1889 saw the establishment of a special commission on construction of Yermak monument, with several philanthropists and state officials having taken part in it. In whole Russian Empire a competition for the best project of the monument was announced. Several projects had been considered.

The first project for the monument was designed by sculptor Mark Antokolsky in 1891, but this project was not approved. The project of the sculptor Mikhail Mikeshin, who also designed the monument "Millennium of Russia" in Novgorod (1862) was also not approved, because Yermak towered over the Two-headed eagle, the Tsar's emblem. The layout of this project is now on display in the Museum of the History of Don Cossacks.

Mikeshin proposed a new version of the monument to Yermak, which he drafted taking into account the official comments made. This project was adopted by the Commission in 1896, but in the same year Mikeshin died. The following years had brought Vladimir Beklemishev to work on the monument.

=== Construction ===
On 6 May 1903, at the Cathedral Square in Novocherkassk took place a ceremonial laying on the monument to Yermak. The place was consecrated and dwellers of Novocherkassk showered it with flowers.

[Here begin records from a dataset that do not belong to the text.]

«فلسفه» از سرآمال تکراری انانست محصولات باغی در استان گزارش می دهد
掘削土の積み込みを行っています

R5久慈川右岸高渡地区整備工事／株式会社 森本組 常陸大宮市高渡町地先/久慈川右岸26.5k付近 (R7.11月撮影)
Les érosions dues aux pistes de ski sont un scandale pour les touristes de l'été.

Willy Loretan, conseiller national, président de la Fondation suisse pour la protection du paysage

On 6 May 1904, exactly one year after the date of foundation, the grand opening of the monument began. The procession with army regalia and battle flags passed from the Don Museum Square to the monument of Don Ataman. After the proclamation of the eternal memory of the conqueror of Siberia, the Army ataman Konstantin Maksimovich opened the curtain of the monument. Everyone who stood there for the first time saw the majestic image of Yermak clutching battle flag in one hand, and the crown of the conquered Siberia in second hand.

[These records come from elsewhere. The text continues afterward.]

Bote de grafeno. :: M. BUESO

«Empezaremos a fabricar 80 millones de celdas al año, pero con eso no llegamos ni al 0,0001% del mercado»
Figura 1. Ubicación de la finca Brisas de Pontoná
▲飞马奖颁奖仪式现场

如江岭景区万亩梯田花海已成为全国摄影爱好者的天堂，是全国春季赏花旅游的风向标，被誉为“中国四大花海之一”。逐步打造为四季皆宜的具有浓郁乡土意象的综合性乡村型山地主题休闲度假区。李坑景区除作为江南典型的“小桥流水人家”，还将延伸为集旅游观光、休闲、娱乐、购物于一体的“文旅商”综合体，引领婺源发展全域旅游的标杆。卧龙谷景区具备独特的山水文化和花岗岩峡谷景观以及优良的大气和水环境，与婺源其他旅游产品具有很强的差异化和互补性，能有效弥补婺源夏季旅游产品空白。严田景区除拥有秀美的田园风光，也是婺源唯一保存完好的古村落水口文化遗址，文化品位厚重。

== Description of the monument ==
The 4-meter sculpture is mounted on a granite boulder. In his left hand Ermak holds a banner, and in the right hand the Siberian crown, which symbolizes the conquered lands of Siberia, which he presented to the Russian state. On the front side of the pedestal there is an inscription: "To Yermak 1904 from Don people 1581" (the year of the opening of the monument and the year of the beginning of the conquest of Sibir Khanate). On the back side of the pedestal there are inscribed words in gold: "to Don Ataman Yermak Timofeevich, the conqueror of Siberia, from a grateful posterity. In honor of the tercentenary of the Don. Rested in peace in the waves of the Irtysh on August 5, 1584." And here are also the words of Russian historian Nikolai Karamzin: "Russia, her history and Russian Church will always remember Yermak." The pedestal is surrounded by a massive chain on granite piers.